Role-related knowledge – This criterion assesses your technical expertise in AI and ML, including algorithms, programming languages, and tools. Interviewers will evaluate your depth of understanding and practical application of these skills. Demonstrate your strength by discussing relevant projects and offering insights into your decision-making process.
Problem-solving ability – Expect to showcase how you approach complex challenges. Interviewers will look for your analytical thinking, creativity, and structured methodologies. Illustrate your problem-solving skills through specific examples where you applied innovative solutions.

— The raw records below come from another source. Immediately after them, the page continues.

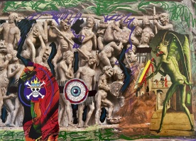 These collages unfold a multi-layered visual space in which religious iconography, art-historical references, and visual fragments of the present overlap. The starting point is the biblical narrative of the Temptation of Christ in the Desert—a moment of existential trial in which the relationship between spirit, power, and temptation is intensified. Yet the works do not stop at this theological primal scene. They expand the motif into a long-standing cultural figure: the devil as the counterpart, mirror, and co-player of humanity.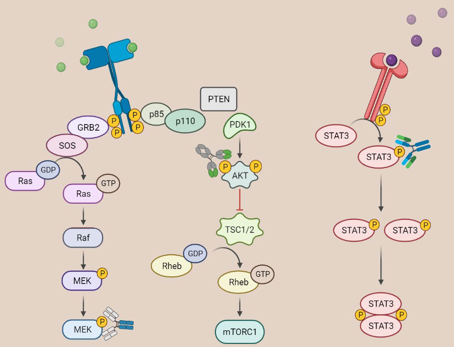 抗リン酸化特異的抗体(phospho-specific antibodies)は、特定のアミノ酸残基がリン酸化されている場合にのみタンパク質を認識する抗体であり、現代の生物医学研究において非常に発展しており、広く利用されているツールのひとつです。タンパク質のリン酸化は、重要な翻訳後修飾の一種であり、細胞内シグナル伝達経路の調節に深く関与しており、その結果、さまざまな細胞機能に影響を与えます。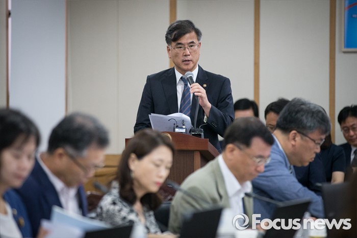 (서울=포커스뉴스) 26일 오전 경기도 정부과천청사 법무부 회의실에서 열린 '가습기 살균제 사고 진상규명과 피해구제 및 재발방지 대책 마련을 위한 국정조사특별위원회'(가습기 특조위) 법무부-공정위 진상규명을 위한 현장조사에서 김학현 공정거래위원회 부위원장이 현안보고를 하고 있다.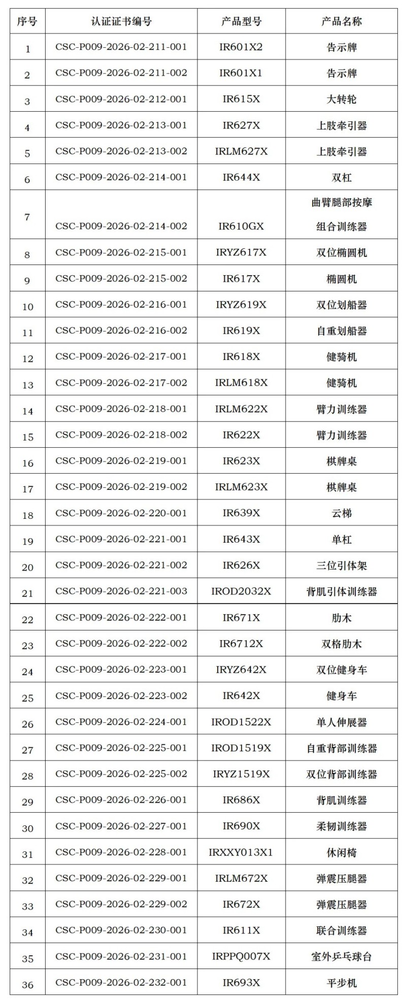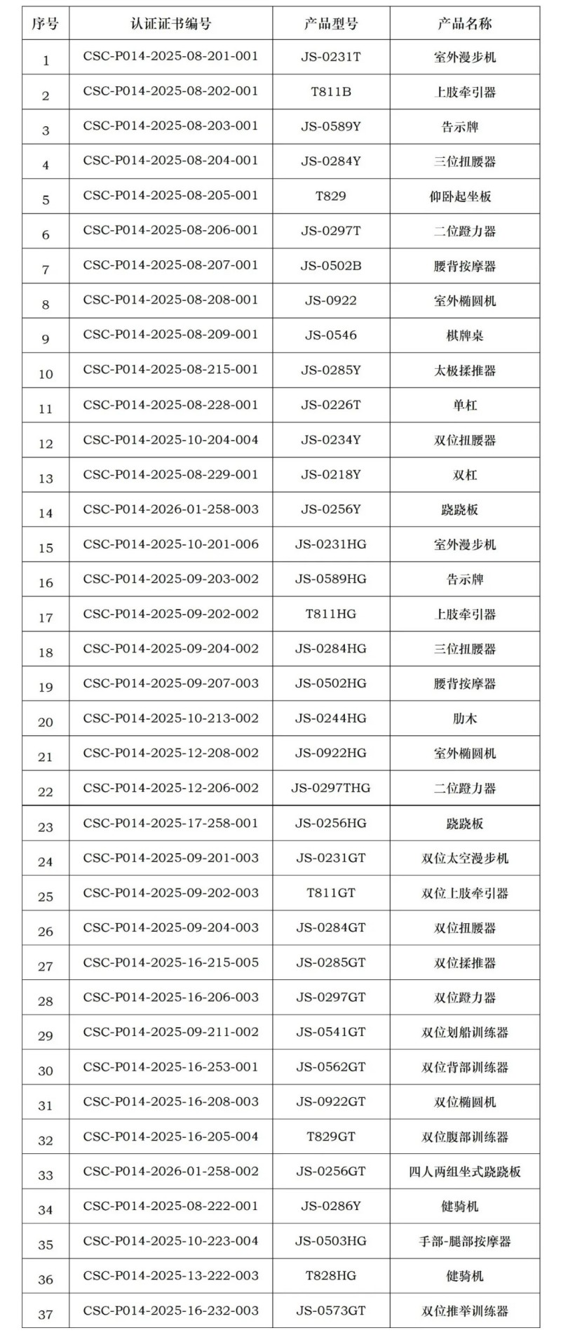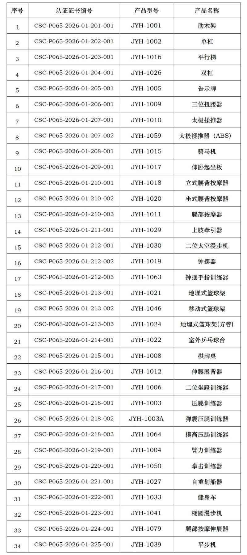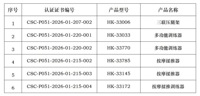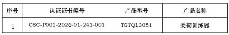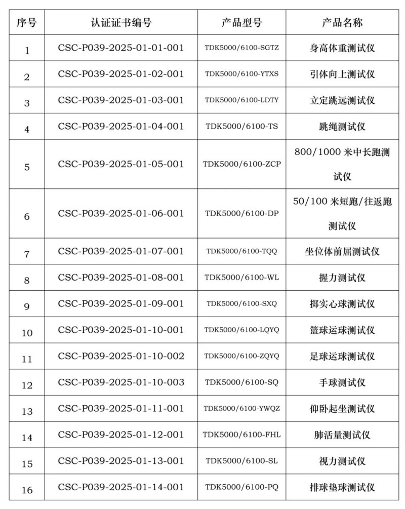 近期,宁波浙鼎教育科技有限公司、山东泰山体育器材有限公司、南通铁人运动用品有限公司、青岛驰健英赛特健康科技有限公司、江苏加一健康科技有限公司、武汉昊康体育产业发展有限公司、河北康奥达体育用品有限公司、澳瑞特体育产业股份有限公司(排名不分先后),获得由中体联(北京)认证服务有限公司颁发的产品认证证书,证书明细如下,特此公告。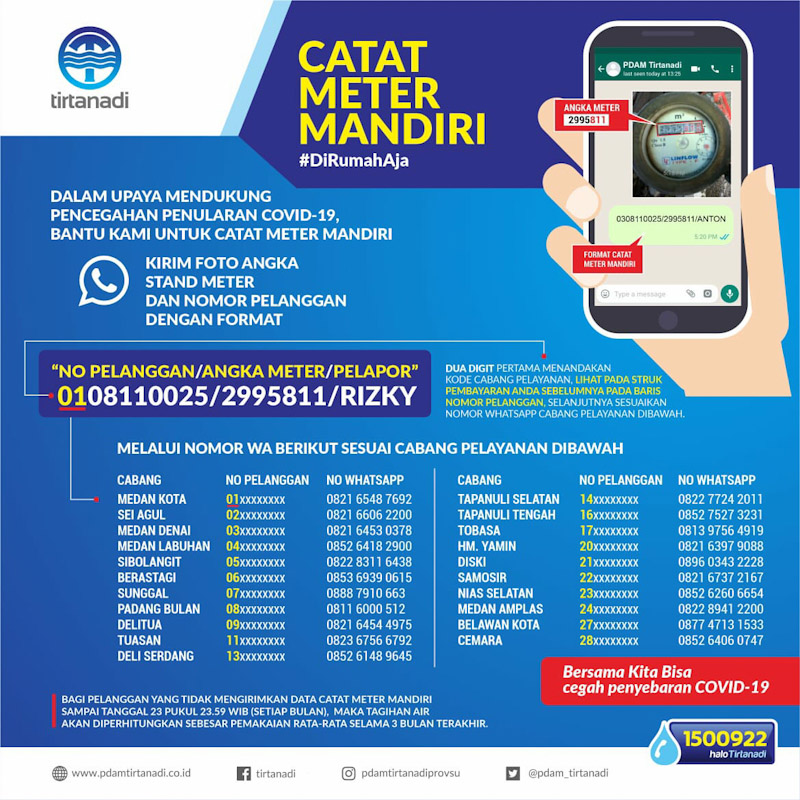 “Caranya sangat mudah, pelanggan cukup mengirimkan foto angka stand meter dan nomor pelanggan, dengan menandakan angka dua digit di awal pada no pelanggan contohnya : ketik no pelanggan (0108110025) kemudian angka meter (2995811) dan nama pelanggan (RIZKY) selanjutnya kirim ke no WhatsApp (WA) sesuai kantor cabang pelayanan,” kata Kepala Divisi (Kadiv) Sekretaris Perusahaan (Sekper) PDAM Tirtanadi Sumut Humarkar Ritonga melalui telepon selularnya Sabtu (18/4/2020).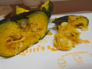 かぼちゃの中ってどうなってるの❓と子ども達に見せたり、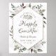 Vintage Cherish White Floral & Rose Gold Painted Roses and Flowers. A Vintage Classic and Elegant Look, and Plenty of Gray, Ivory White, Rose Gold, Dusty Pink, Pine Green, and Gray leaves and foliage. With Hand Painted Floral elements, Vintage Classic Script Fonts, and Elegant Rose Gold Glitter Foil Geometric Hexagon Frame - Wedding Reception Welcome to our Happily Ever After Sign!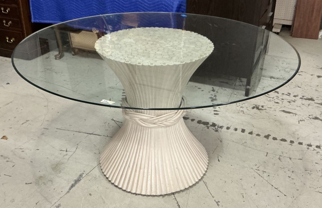 29h 54dia Bamboo Sheaf of Wheat Dining Table, round glass top 29h 54dia Bamboo Sheaf of Wheat Dining Table, round glass top

Leadership – Your ability to influence and communicate effectively will be evaluated. Interviewers want to know how you mobilize teams and navigate challenges. Highlight your experiences in leading projects and fostering collaboration.
Culture fit / values – ServiceNow values collaboration, innovation, and a customer-centric approach. Show how your personal values align with the company's mission and how you work well within a team-oriented environment.
Interview Process Overview
The interview process for the Machine Learning Engineer position at ServiceNow is designed to rigorously assess both your technical capabilities and cultural fit within the team. You can expect a blend of technical assessments, behavioral interviews, and possibly a case study. Interviewers aim to understand not only your technical skills but also your approach to problem-solving and collaboration.
Typically, the process starts with an initial screening, followed by one or more technical interviews where you'll demonstrate your coding and architectural skills. Behavioral interviews will help assess your interpersonal skills and alignment with the company's values. Overall, the pace is rigorous, reflecting the high standards of innovation and excellence at ServiceNow.